I would like to multiply two data arrays of same dimensions:
print(data1)
<xarray.DataArray 'var' (lat: 2160, lon: 4320)>
[9331200 values with dtype=int8]
Coordinates:
* lon (lon) float64 -180.0 -179.9 -179.8 -179.7 ... 179.8 179.9 180.0
* lat (lat) float64 89.96 89.88 89.79 89.71 ... -89.79 -89.88 -89.96
print(data2)
<xarray.DataArray 'var' (lat: 2160, lon: 4320)>
[9331200 values with dtype=float32]
Coordinates:
* lon (lon) float64 -180.0 -179.9 -179.8 -179.7 ... 179.8 179.9 180.0
* lat (lat) float64 89.96 89.88 89.79 89.71 ... -89.79 -89.87 -89.96
data1 * data2
returns this error:
ValueError: Cannot apply_along_axis when any iteration dimensions are 0
Note that following this thread, I made sure to have consistent dimensions and re-indexed both data arrays.
Since both arrays have different dtype
, I have tried data1.astype(np.float64) * data2
, but that returned the same error.
On the other hand, this returned an empty array:
data3 = data1.astype(np.float64) * data2.astype(np.float64)
print(data3)
<xarray.DataArray 'var' (lat: 0, lon: 0)>
array([], shape=(0, 0), dtype=float64)
Coordinates:
* lon (lon) float64
* lat (lat) float64
The only way I found to achieve this multiplication was to get the underlying np data:
data3 = data1.data * data2.data
Although this works for my need, I am still curious to understand why the pure xarray method fails. Can anyone inform me or point me towards a part of the documentation I might have missed?

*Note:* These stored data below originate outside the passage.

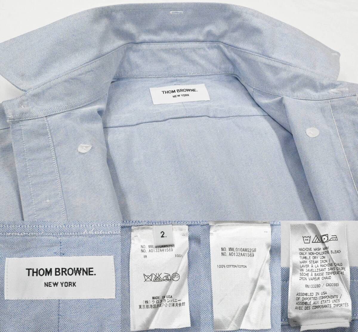 Product name: R452★美品 THOM BROWNE トム ブラウン トリコロール ライン パイピング コットン 長袖 シャツ Yシャツ 2 ブルー USA製 クリーニング済
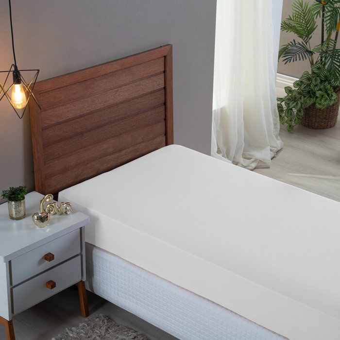 Lençol Solteiro com Elástico Algodão 300 Fios Cama Box Infantil:branco
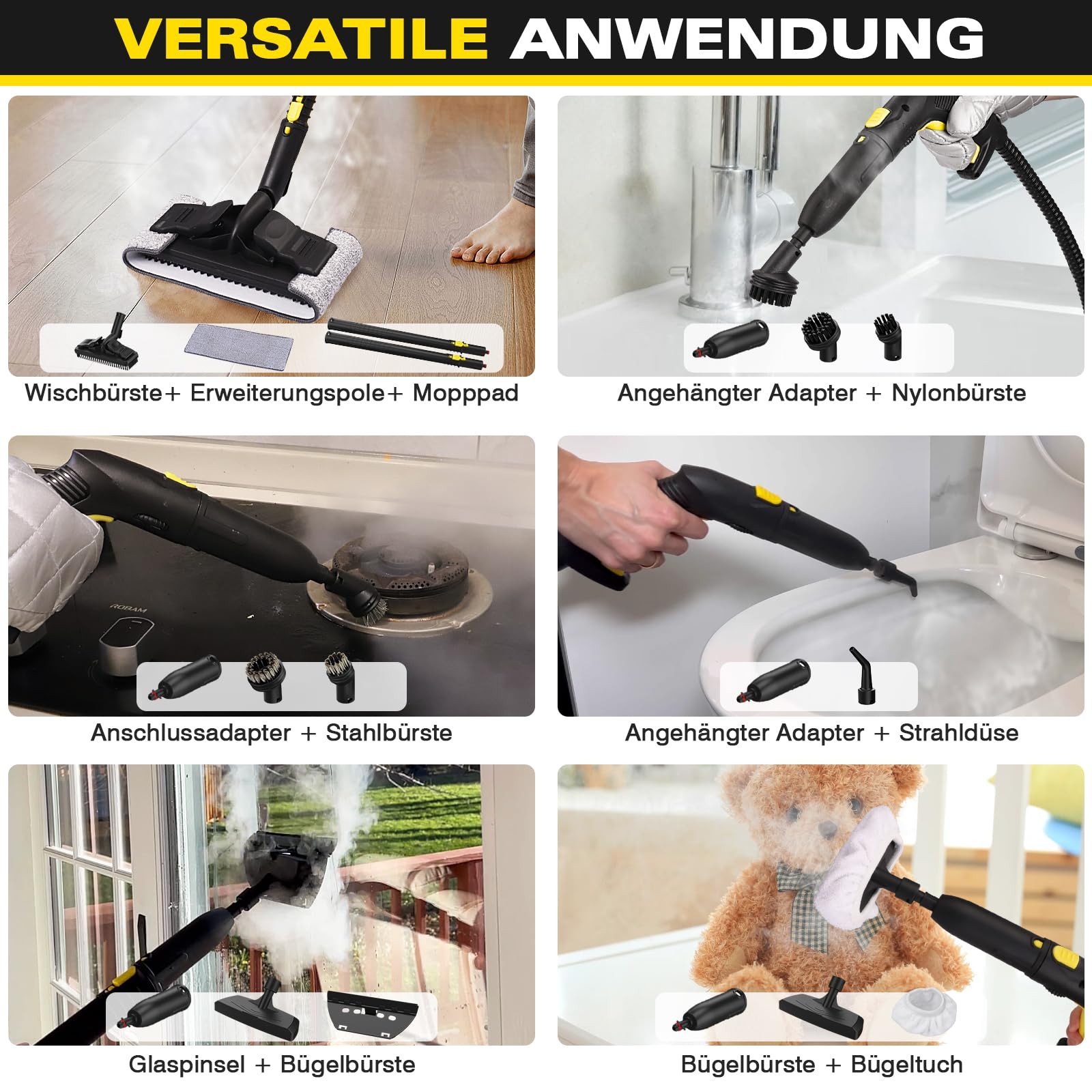 Der Waitbird Dampfreiniger revolutioniert deine Putzroutine! Mit fortschrittlicher Schnellheiztechnologie erreicht er in nur 5 Minuten heiße 248°F. Der große 1,1L Wassertank ermöglicht bis zu 45 Minuten ununterbrochene Reinigung. Mit 21 praktischen Zubehörteilen meistert er jede Herausforderung: Böden, Sofas, Fenster, Küche, Bad, Auto-Innenraum und mehr. Die Dampfmenge ist stufenlos von MIN bis MAX einstellbar. Besonderes Highlight: Der Schultergurt für ermüdungsfreies Tragen und der fahrbare Sockel für leichte Beweglichkeit. Perfekt für die chemiefreie Reinigung von Spielzeug, Polstern und empfindlichen Oberflächen. Einfache Bedienung mit automatischer Dampfsperre und klaren LED-Anzeigen. Dein Allround-Talent für ein hygienisch sauberes Zuhause - ganz ohne Chemiekeule!

For those interested, there was a slight difference in the coordinates of my two data arrays, apparently due to floating point precision (thanks to these guys). You can check whether coordinates of both data arrays are correct with:
import xarray as xr
xr.testing.assert_equal(data1.lon, data2.lon)
xr.testing.assert_equal(data1.lat, data2.lat)
In case one is sure the coordinates should align, one option is to manually correct the coordinates:
data1['lon'] = data2['lon']
data1['lat'] = data2['lat']
Then the multiplication works without problem.